Social networks, Phil Collins, coffee and cigarettes
Ephemeral Reviews, Essays and Opinions s°02.ep10 - 2020.05.19
Thanks to the combination of a pandemic that highlighted new social needs, and a work environment now more open to “consumerized” social interactions, 2020 could mark the beginning of a new social era - it’s about time, since the heavyweight social platforms were mostly created in the 2000s. Link (T)
A social buying experience that works: that’s what the Chinese ecommerce service Pinduoduo has managed to nail. Founded in 2015, it generated $144bn in sales through its platform last year. Link (T)
It’s been a while since we last saw a new social network darling flower. Clubhouse just closed its Series A with a $100 million valuation - and the app, still on private beta, isn’t even on the stores yet. The startup is aiming at a new frontier: voice. Digital Freemasonry? A mix between a podcast and a party? Live chats with celebrities like Beyoncé? Pay attention, it looks like this app embryonically encompasses the “4th dimension” identified by Max Read from The New Yorker to describe Facebook: “like a four-dimensional object, we catch slices of it when it passes through the three-dimensional world we recognize”. Link (S)

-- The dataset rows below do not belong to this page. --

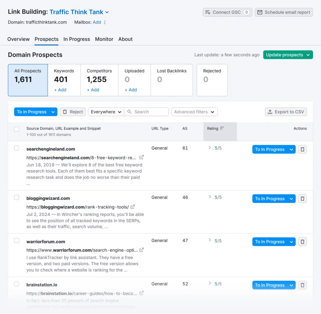 It automatically discovers backlink prospects for your website. You don’t have to spend hours researching and analyzing link-building opportunities. With Semrush, you can gather prospects’ contact information, reach out to them, and track your link-building progress.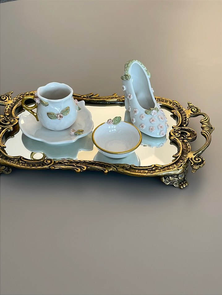 Beyaz fincan ve ayakkabı seti, zarif çiçek ve altın detaylarla süslenmiş, gösterişli altın tepsi üzerinde sergileniyor. ☕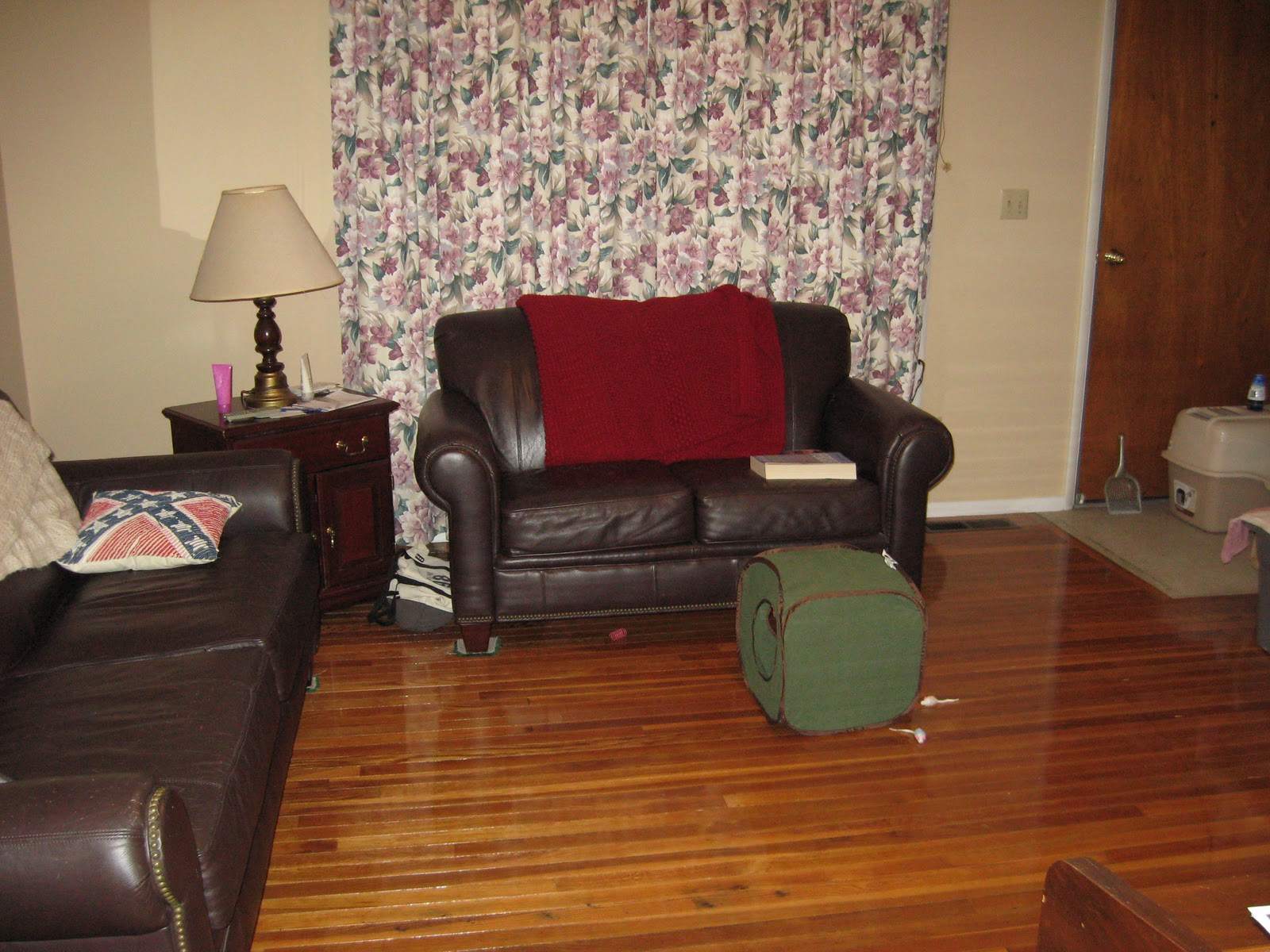 The drapes are still in really good shape so I just washed them to remove the dust and animal fur. The litter box will eventually go in the basement once Chester is no longer afraid to go down there. *sigh*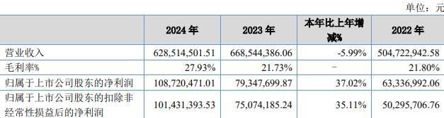据公司2024年年报,2024年,公司实现营业收入6.29亿元,同比减少5.99%;归属于上市公司股东的净利润1.09亿元,同比增长37.02%;归属于上市公司股东的扣除非经常性损益后的净利润1.01亿元,同比增长35.11%,经营活动产生的现金流量净额1.22亿元,同比增长84.85%。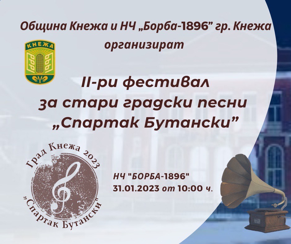 Община Кнежа и НЧ „Борба-1896” гр. Кнежа организират за втора година фестивала за стари градски песни „Спартак Бутански“, в чест на 103-годишнината от рождението на нашия скъп съгражданин - големия композитор и поет Спартак Бутански!
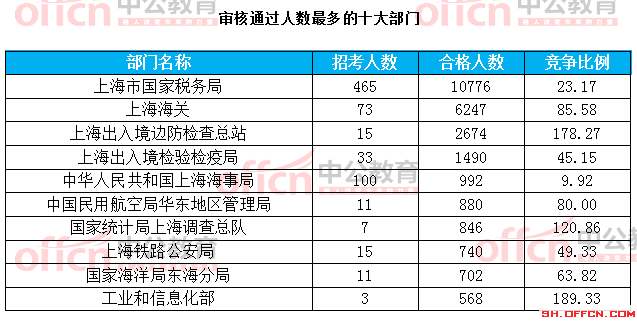 為幫助廣大考生更清晰的了解今日報名情況,上海中公網校整理了審核通過人數前十位的部門以及競爭比例最激烈的十大部門,供廣大考生參考: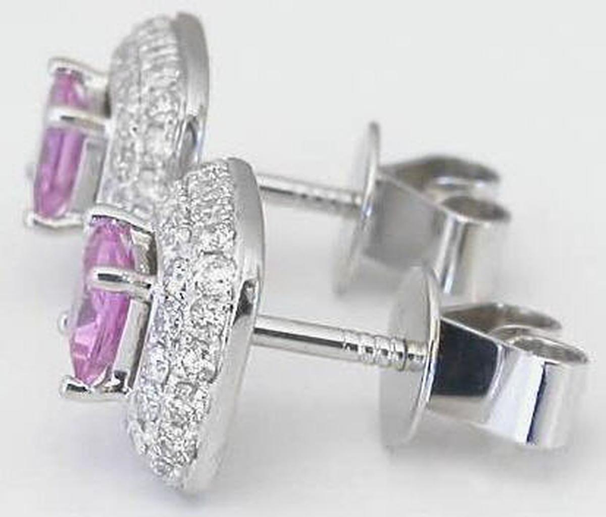 1.46 ctw Princess Cut Pink Sapphire and Pave Diamond Earrings in 14k white gold

Facebook, that gigantic four-dimensional object again. In his biography of Zuckerberg, Julien Le Bot develops the idea that Mark (a Roman emperor’s name, who named his own children Maxima and August, other emperors’ names) has an imperial more than an entrepreneurial or political project with Facebook. That could explain the way he accepted to share the power with Facebook’s senate oversight board and compensate its slaves moderators. (S)
Tom set the tone in our previous edition with his essay on Justice and Daft Punk, looking for where the original creators really are.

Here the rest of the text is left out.